Dutt et al.(25) found that combination of propofol in a dose of 2.5mg/kg. with fentanyl in a dose of 1micg/kg. provide more hemodynamic stability for LMA insertion.
Furthermore, the addition of midazolam reduce induction dose of propofol for LMA insertion. (26-28). To our knowledge, thus far, no studies comparing the effect of adding low dose muscle relaxant on induction dose of propofol for LMA insertion. However, there was significant decrease in propofol dose when low dose rocuronium(0.15mg/kg) was used in this current study.
This study was designed to compare the optimal insertion conditions with or without low dose rocuronium(0.15mg/kg)and its effect on induction dose of propofol judged by loss of motor response to jaw thrust as an ideal end point for LMA insertion. The results of this study revealed that using a low doses of rocuronium before propofol injection produce better relaxation of the jaw, reduce propofol requirements and facilitate faster LMA insertion.
Chui and Cheam compared the effect of two different doses of mivacurium with normal saline for LMA insertion with propofol induction.

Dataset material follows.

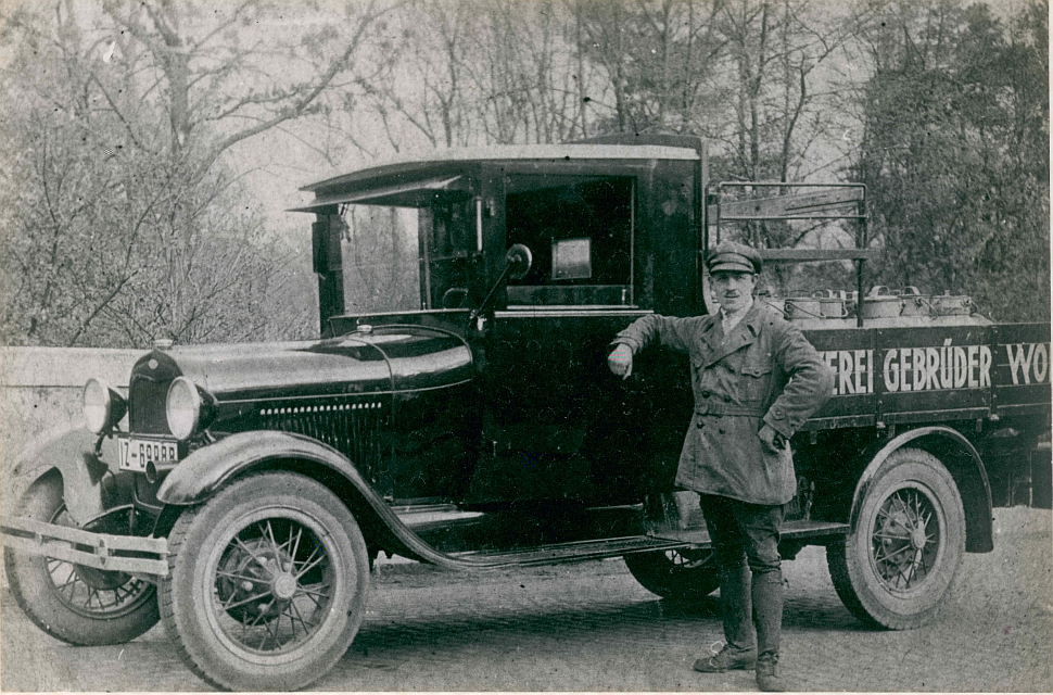 Peter Schumacher mit einem LKW der Molkerei Wolter von der Ölmühle in Sinthern. in den 1920er Jahren. Peter Schumacher war der Schwager des Molkereibesitzers Arnold Wolter.

They found that both doses of mivacurium significantly facilitated LMA insertion in a similar manner in comparison with normal saline.(29)
Other studies revealed that a single intu¬bating dose of non-depolarizing muscle relax¬ant with an intermediate duration of action increase the recovery time and cause residual muscle paralysis after surgery (30-32). But in comparison with the standard intubating dose (0.6 mg/kg), low-dose rocuronium (0.45 mg/kg) could decrease the patient’s recovery time (33).

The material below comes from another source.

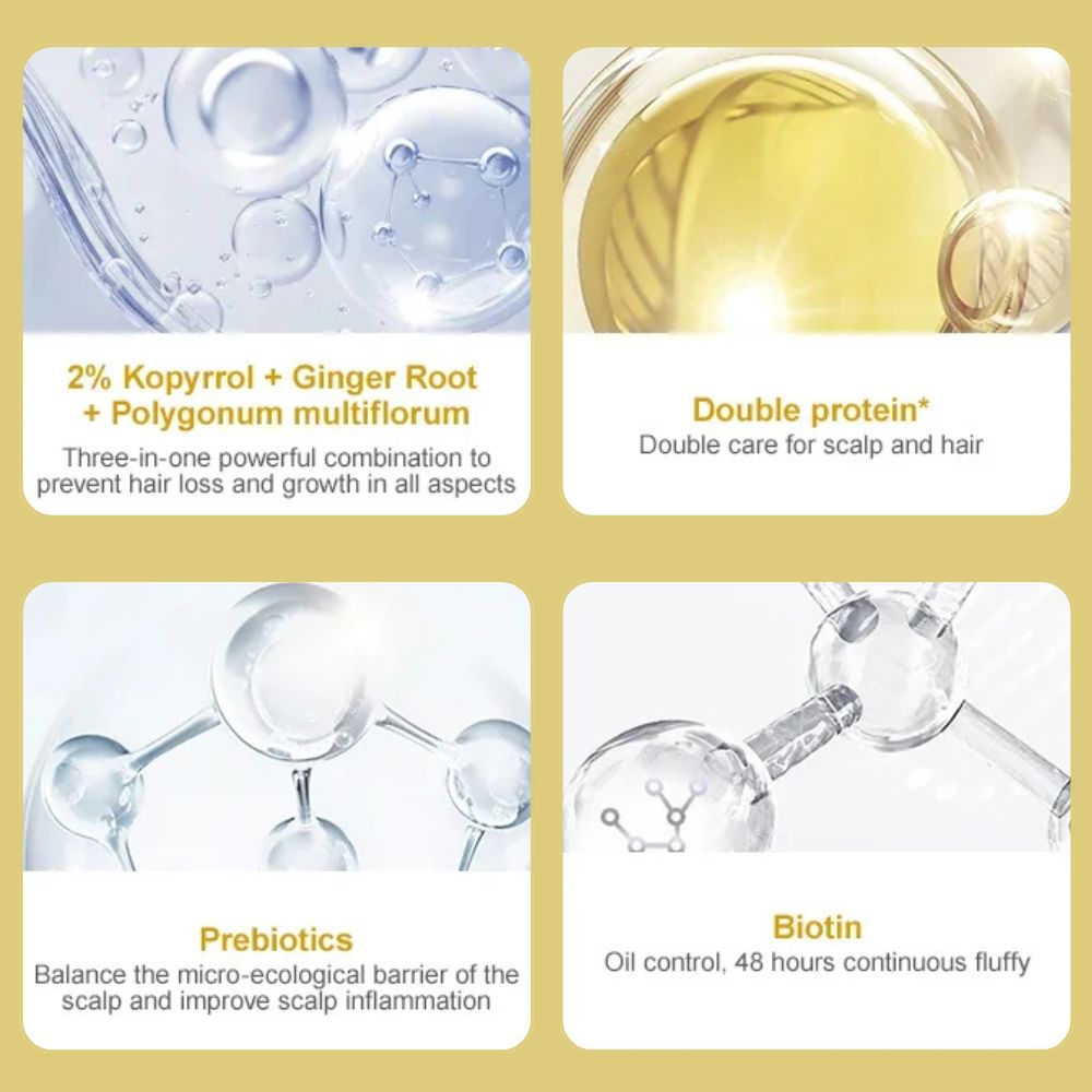 Ingwerwurzel & Polygonum multiflorum: Fördern die Durchblutung und aktivieren die Haarfollikel.

In this study, 0.15 mg/kg rocuronium was used in study group and patient’s recovery time was comparable to those of control group. This suggests that low-dose of rocuronium rather than standard intubating dose is safe in short surgery with LMA.

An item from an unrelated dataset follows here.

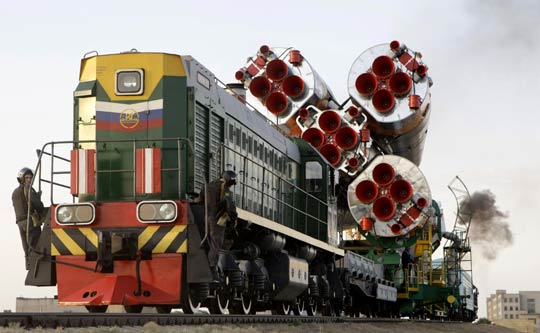 组图:俄"联盟TMA—16"飞船运往发射平台(2)

On the other hand, Monem and Chohan compared the effects of succinylcholine and atracurium with thiopental for LMA insertion, and they found that succinylcholine provides better conditions for LMA insertion in comparison with atracurium which is in agreement with this current study. However, they found that succinylcholine was accompanied with high incidence of postoperative myalgia.(34)
Nevertheless, van Vlymen et al. (35) revealed the need for injecting muscle relaxant for endotracheal intubation by the intubating LMA (ILMA). They divided the patients into 3 groups. a placebo group(normal saline) and two study groups in which rocuronium was used in doses of 0.2, and 0.4 mg/kg for muscle relaxation respectively. they did not find any relationship between the use of rocuronium and the required time for insertion and fixing of the endotracheal tube.
Their results don’t concur with the results of this current study. The possible causes of the difference between both studies is the time of giving the muscle relaxant as they give the muscle relaxant after ILMA insertion and before tracheal intubation, the other cause is the type of LMA used ( a Classic LMA was used in this current study, while ILMA was used in their study).
The results of our study demonstrated that the use of rocuronium for muscle relaxation significantly decreases the time needed for LMA insertion. According to the results in both groups, LMA was inserted in an average time of 10-12 seconds. However this time was lesser in another study in which the average time was less than 6 seconds (36)
Nevertheless, in other studies of Chauhan et al., Hayashi et al. and Oh et al., this time was 15, 16, and 38 second, respectively. (37-39)
The exact cause of different insertion time in this current study in comparison to other studies is not exactly obvious. Possible causes can be attributed to differences in pretreatment, the method of calculating the time of insertion, and experience of the person who carried out the insertion.